Words_of_Truth said:


> Perhaps while Corax's ability is an active ability which he can control at will, the raven guard have a passive ability that they have to work at combining normal terrain and cover to make it work as well.


It seems a bit different to Corax's ability in that he can make himself invisible to others, whereas Sharrowkyn seemed to be slipping from shadow to shadow without crossing the intervening space. It actually reminded me of the DE mandrakes abilities.


----------



## Words_of_Truth (Sep 20, 2007)

Yeah but if you think about it, if you have a limited stealth like ability which appears to allow you to jump from shadow to shadow then while corax ability makes you entirely invisible with control, the lesser version may make you invisible a bit so that you periodically seem to appear in different locations quickly.


----------



## BlackGuard (Sep 10, 2010)

> Why oh why do some squads of Astartes resort to using armor-mounted flashlights in pitch black environments? It's been stated many times that Astartes can literally see in the dark even without their helms and that their helms simply offer other vision modes and the ability to zoom in.

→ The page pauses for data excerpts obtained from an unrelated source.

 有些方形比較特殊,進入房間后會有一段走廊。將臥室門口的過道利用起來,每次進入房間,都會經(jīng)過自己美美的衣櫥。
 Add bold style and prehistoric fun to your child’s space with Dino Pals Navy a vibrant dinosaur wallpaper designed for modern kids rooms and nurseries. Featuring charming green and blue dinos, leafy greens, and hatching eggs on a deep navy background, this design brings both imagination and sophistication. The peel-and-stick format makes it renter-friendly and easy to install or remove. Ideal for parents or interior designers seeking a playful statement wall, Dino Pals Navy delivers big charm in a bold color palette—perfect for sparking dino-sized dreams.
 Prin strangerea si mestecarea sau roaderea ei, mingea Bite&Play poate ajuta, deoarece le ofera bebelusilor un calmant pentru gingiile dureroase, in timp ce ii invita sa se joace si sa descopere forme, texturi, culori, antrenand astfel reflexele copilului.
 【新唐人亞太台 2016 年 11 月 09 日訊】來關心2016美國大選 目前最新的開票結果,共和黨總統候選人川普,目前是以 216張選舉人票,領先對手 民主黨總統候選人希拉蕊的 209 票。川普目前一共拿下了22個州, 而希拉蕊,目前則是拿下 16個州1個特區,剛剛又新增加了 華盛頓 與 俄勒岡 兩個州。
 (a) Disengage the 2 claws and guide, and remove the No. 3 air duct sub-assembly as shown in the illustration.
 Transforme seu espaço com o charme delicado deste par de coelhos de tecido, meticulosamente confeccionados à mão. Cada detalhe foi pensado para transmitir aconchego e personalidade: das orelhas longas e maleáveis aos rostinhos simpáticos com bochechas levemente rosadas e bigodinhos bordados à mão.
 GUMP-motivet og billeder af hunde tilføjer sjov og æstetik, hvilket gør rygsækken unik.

A very good question and one that will probably never be answered. If we go back to when Night Haunter broke out of his cell being guarded by the Emperor's Children and Imperial Fist -- the guards that entered the room to stop him turned on their lights. That, like so many other times, made no sense to me.


----------



## Brother Lucian (Apr 22, 2011)

BlackGuard said:


> A very good question and one that will probably never be answered. If we go back to when Night Haunter broke out of his cell being guarded by the Emperor's Children and Imperial Fist -- the guards that entered the room to stop him turned on their lights. That, like so many other times, made no sense to me.


Writer inconsistency and perhaps not being entirely sure of the lore for marines id guess, plus darkened rooms and turning on lights is classical suspense before something goes bad.


----------



## Reaper45 (Jun 21, 2011)

BlackGuard said:


> A very good question and one that will probably never be answered. If we go back to when Night Haunter broke out of his cell being guarded by the Emperor's Children and Imperial Fist -- the guards that entered the room to stop him turned on their lights. That, like so many other times, made no sense to me.


Sensors are easy to fool. The naked eye of an astartes isn't. There's a passage in the fall of damnos where two devastator sergeants fire lascannons aiming with this own eyes due to their targeting systems being corrupted by necrons.
Couple that fact in with the existant of haywire grenades it's easy to understand why.


----------